# BRIEF
Everything below from the line with "Массажный акупунктурный коврик" through the line with "Το σετ Fuga" should be copied exactly, and nothing else; leave out the pictures.

# RECORDS SHOWN
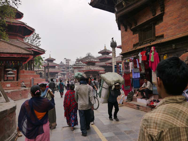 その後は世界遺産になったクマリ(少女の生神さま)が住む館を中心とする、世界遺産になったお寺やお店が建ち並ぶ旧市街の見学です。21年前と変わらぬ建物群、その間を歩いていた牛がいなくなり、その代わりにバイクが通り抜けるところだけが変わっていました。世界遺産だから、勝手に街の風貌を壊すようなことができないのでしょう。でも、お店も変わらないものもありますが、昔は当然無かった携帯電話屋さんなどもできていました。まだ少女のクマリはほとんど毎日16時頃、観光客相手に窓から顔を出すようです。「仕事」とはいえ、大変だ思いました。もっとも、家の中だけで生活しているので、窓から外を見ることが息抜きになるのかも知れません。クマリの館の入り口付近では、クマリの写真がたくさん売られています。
...
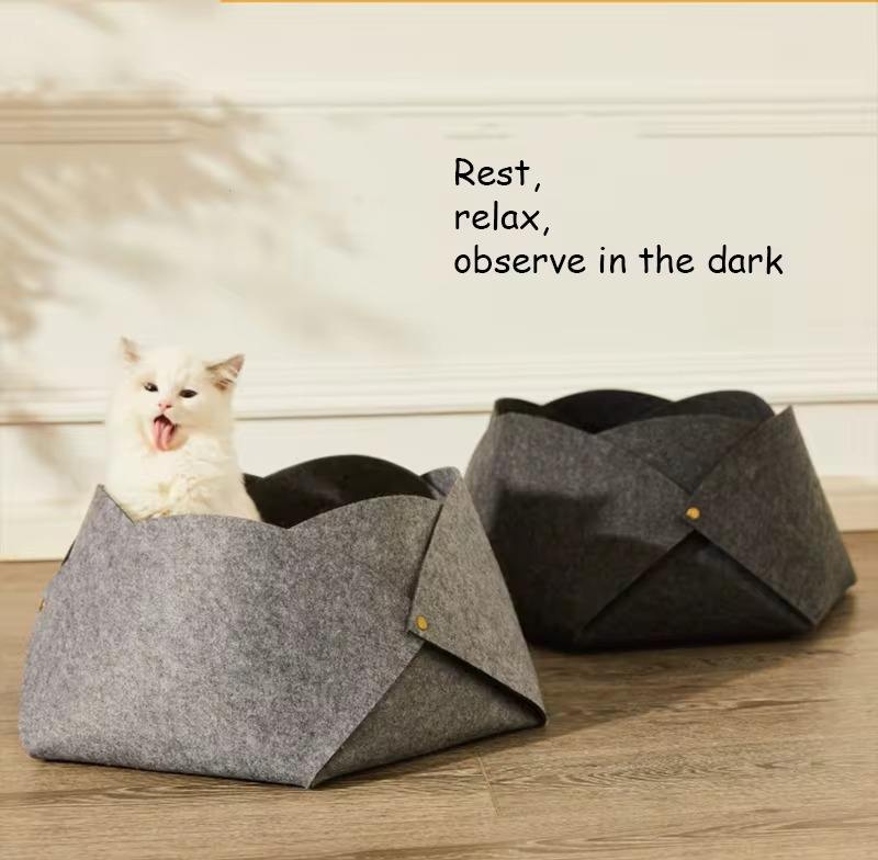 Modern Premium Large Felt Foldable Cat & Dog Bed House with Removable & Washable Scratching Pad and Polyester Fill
...
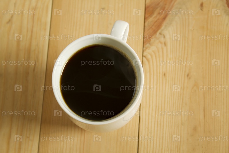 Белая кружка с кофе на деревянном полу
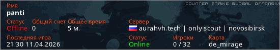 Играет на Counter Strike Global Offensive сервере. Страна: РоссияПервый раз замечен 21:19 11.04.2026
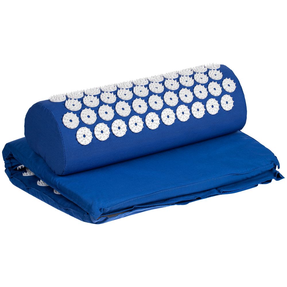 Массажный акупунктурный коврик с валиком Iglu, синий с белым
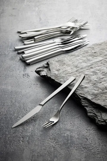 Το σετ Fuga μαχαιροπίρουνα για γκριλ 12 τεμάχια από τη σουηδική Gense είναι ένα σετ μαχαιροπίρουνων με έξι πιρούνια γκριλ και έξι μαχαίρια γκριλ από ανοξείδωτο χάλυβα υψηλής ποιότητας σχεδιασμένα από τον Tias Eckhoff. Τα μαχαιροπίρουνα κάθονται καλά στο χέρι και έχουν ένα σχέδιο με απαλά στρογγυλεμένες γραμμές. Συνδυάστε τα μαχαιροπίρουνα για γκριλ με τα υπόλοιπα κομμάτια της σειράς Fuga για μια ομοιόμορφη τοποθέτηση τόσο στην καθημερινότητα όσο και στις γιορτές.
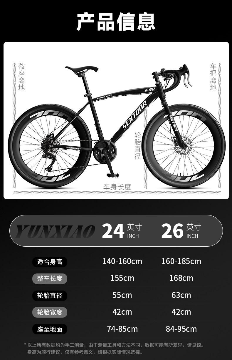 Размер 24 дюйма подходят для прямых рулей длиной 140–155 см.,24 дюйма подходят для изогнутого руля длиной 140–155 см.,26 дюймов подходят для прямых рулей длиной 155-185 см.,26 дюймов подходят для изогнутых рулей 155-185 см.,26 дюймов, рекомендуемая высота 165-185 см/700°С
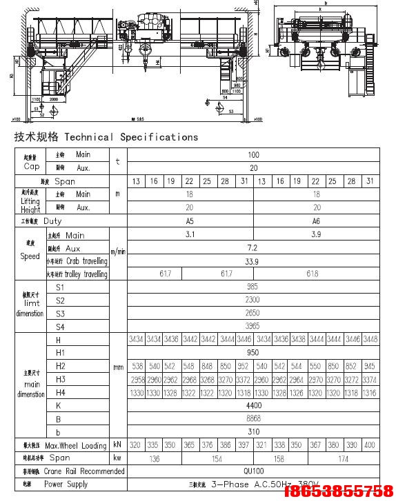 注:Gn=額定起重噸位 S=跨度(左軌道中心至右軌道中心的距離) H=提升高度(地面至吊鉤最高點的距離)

# EXERCISE RESPONSE
 Массажный акупунктурный коврик с валиком Iglu, синий с белым
 Το σετ Fuga μαχαιροπίρουνα για γκριλ 12 τεμάχια από τη σουηδική Gense είναι ένα σετ μαχαιροπίρουνων με έξι πιρούνια γκριλ και έξι μαχαίρια γκριλ από ανοξείδωτο χάλυβα υψηλής ποιότητας σχεδιασμένα από τον Tias Eckhoff. Τα μαχαιροπίρουνα κάθονται καλά στο χέρι και έχουν ένα σχέδιο με απαλά στρογγυλεμένες γραμμές. Συνδυάστε τα μαχαιροπίρουνα για γκριλ με τα υπόλοιπα κομμάτια της σειράς Fuga για μια ομοιόμορφη τοποθέτηση τόσο στην καθημερινότητα όσο και στις γιορτές.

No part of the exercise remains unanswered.